◆ Available records:
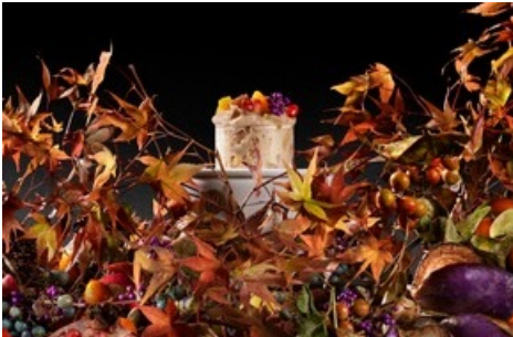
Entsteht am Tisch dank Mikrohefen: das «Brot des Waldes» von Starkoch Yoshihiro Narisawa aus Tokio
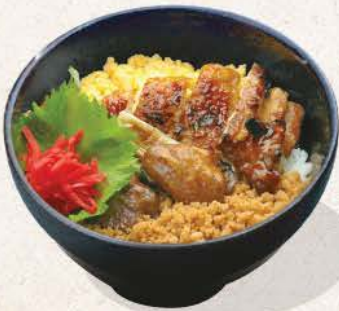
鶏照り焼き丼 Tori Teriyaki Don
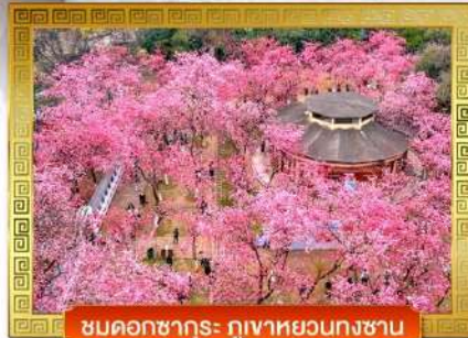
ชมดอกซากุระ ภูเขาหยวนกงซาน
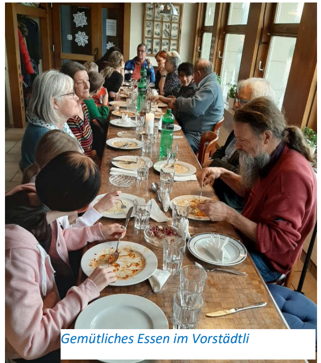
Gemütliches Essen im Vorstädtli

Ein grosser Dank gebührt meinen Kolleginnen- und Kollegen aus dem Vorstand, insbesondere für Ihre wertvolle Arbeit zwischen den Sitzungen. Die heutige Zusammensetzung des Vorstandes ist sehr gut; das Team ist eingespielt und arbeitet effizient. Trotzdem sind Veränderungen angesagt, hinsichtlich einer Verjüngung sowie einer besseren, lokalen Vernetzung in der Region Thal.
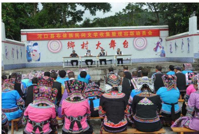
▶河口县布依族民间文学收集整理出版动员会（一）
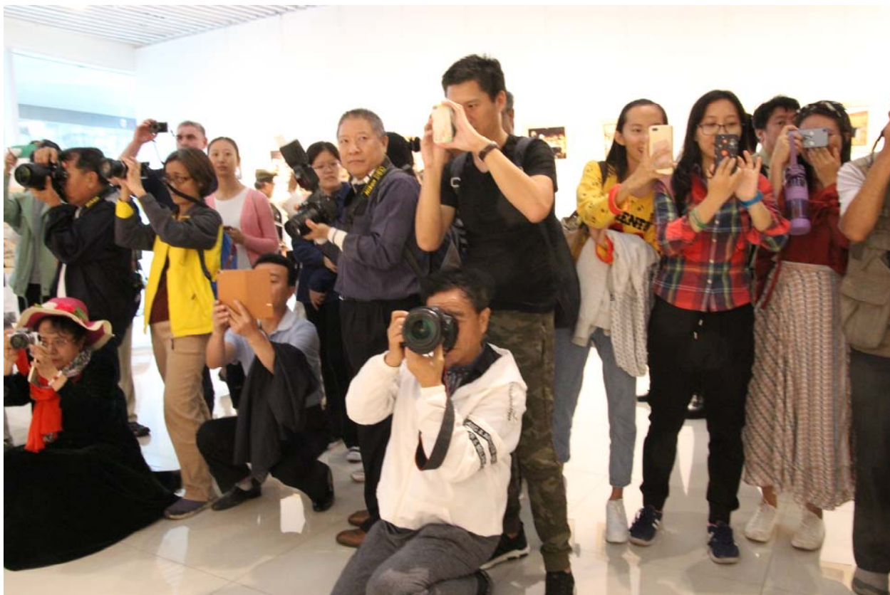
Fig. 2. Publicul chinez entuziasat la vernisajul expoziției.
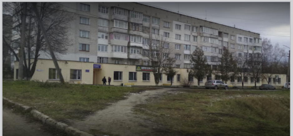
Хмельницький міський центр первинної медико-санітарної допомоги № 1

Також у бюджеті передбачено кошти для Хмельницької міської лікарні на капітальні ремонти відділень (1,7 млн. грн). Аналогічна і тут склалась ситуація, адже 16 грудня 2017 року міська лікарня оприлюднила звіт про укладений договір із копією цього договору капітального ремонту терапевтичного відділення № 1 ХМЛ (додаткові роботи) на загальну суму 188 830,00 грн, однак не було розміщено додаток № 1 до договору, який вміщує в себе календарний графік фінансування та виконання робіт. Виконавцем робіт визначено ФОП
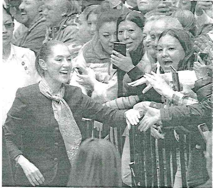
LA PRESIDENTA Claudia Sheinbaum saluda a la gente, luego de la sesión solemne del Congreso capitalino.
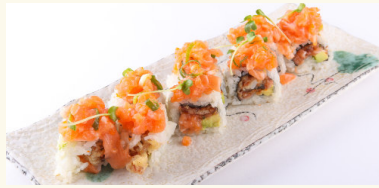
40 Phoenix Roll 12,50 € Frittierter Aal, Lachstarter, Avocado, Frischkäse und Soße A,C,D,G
--
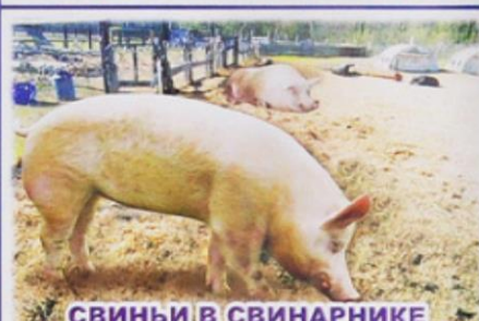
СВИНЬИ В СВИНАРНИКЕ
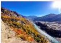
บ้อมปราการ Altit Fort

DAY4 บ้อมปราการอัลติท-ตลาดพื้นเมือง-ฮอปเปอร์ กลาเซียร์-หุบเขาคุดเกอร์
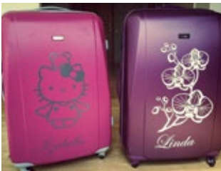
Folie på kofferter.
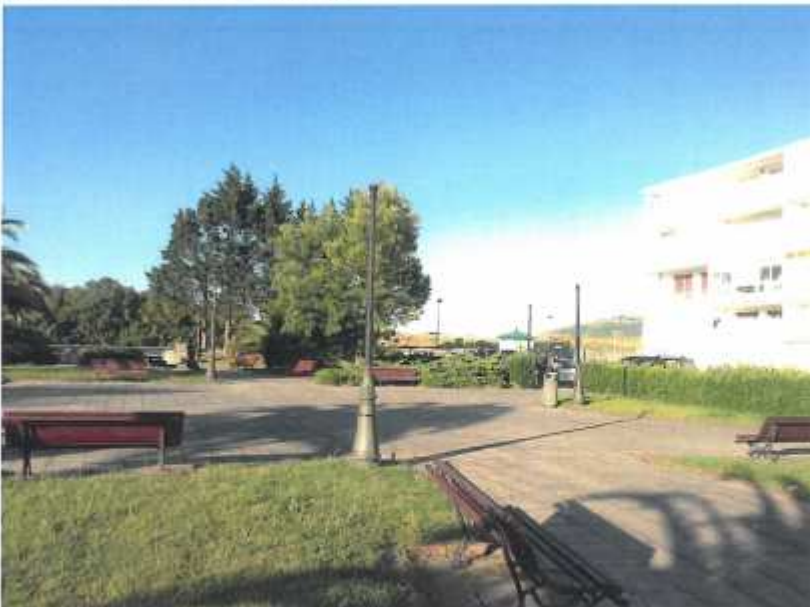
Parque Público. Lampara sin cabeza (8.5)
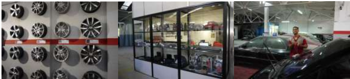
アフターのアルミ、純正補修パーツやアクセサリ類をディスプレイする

◆ Task objective: The stretch to restate runs from the line above containing "LA PRESIDENTA Claudia" through the line containing "40 Phoenix Roll". Copy it word for word, ends included, without pictures.

◆ Your response:
LA PRESIDENTA Claudia Sheinbaum saluda a la gente, luego de la sesión solemne del Congreso capitalino.
40 Phoenix Roll 12,50 € Frittierter Aal, Lachstarter, Avocado, Frischkäse und Soße A,C,D,G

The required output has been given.